> [Prompt]:
Only these lines are needed: the first line of the entries below through the line with "本日P2倍 14G ピアス", each returned exactly.

┄┄┄┄┄┄┄┄┄┄

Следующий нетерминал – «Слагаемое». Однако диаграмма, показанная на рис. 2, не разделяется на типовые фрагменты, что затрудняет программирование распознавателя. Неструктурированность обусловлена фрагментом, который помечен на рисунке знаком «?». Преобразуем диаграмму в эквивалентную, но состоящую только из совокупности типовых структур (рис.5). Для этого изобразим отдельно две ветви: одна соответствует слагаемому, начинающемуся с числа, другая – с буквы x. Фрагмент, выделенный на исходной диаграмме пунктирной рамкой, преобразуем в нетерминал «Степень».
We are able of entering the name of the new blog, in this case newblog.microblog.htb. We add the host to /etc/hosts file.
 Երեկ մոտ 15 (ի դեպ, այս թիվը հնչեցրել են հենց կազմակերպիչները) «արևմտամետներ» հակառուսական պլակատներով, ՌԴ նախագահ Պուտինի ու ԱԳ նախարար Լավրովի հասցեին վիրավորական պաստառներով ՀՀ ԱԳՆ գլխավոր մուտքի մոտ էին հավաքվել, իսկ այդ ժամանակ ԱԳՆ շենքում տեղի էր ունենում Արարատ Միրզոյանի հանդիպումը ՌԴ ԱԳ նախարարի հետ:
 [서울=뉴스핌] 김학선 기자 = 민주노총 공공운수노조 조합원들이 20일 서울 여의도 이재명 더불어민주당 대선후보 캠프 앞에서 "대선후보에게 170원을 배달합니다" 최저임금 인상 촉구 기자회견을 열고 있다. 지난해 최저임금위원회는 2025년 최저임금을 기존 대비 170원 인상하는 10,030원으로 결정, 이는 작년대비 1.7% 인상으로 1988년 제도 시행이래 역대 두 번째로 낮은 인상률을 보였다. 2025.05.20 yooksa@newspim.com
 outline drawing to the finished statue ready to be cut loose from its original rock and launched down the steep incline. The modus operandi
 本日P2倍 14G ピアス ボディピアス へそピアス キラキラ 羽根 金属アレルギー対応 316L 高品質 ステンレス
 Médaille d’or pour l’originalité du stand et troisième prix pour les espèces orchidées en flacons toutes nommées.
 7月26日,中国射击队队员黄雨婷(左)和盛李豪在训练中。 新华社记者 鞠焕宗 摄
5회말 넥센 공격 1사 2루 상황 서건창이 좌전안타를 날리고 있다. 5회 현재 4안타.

┄┄┄┄┄┄┄┄┄┄

> [Exercise answer]:
Следующий нетерминал – «Слагаемое». Однако диаграмма, показанная на рис. 2, не разделяется на типовые фрагменты, что затрудняет программирование распознавателя. Неструктурированность обусловлена фрагментом, который помечен на рисунке знаком «?». Преобразуем диаграмму в эквивалентную, но состоящую только из совокупности типовых структур (рис.5). Для этого изобразим отдельно две ветви: одна соответствует слагаемому, начинающемуся с числа, другая – с буквы x. Фрагмент, выделенный на исходной диаграмме пунктирной рамкой, преобразуем в нетерминал «Степень».
We are able of entering the name of the new blog, in this case newblog.microblog.htb. We add the host to /etc/hosts file.
 Երեկ մոտ 15 (ի դեպ, այս թիվը հնչեցրել են հենց կազմակերպիչները) «արևմտամետներ» հակառուսական պլակատներով, ՌԴ նախագահ Պուտինի ու ԱԳ նախարար Լավրովի հասցեին վիրավորական պաստառներով ՀՀ ԱԳՆ գլխավոր մուտքի մոտ էին հավաքվել, իսկ այդ ժամանակ ԱԳՆ շենքում տեղի էր ունենում Արարատ Միրզոյանի հանդիպումը ՌԴ ԱԳ նախարարի հետ:
 [서울=뉴스핌] 김학선 기자 = 민주노총 공공운수노조 조합원들이 20일 서울 여의도 이재명 더불어민주당 대선후보 캠프 앞에서 "대선후보에게 170원을 배달합니다" 최저임금 인상 촉구 기자회견을 열고 있다. 지난해 최저임금위원회는 2025년 최저임금을 기존 대비 170원 인상하는 10,030원으로 결정, 이는 작년대비 1.7% 인상으로 1988년 제도 시행이래 역대 두 번째로 낮은 인상률을 보였다. 2025.05.20 yooksa@newspim.com
 outline drawing to the finished statue ready to be cut loose from its original rock and launched down the steep incline. The modus operandi
 本日P2倍 14G ピアス ボディピアス へそピアス キラキラ 羽根 金属アレルギー対応 316L 高品質 ステンレス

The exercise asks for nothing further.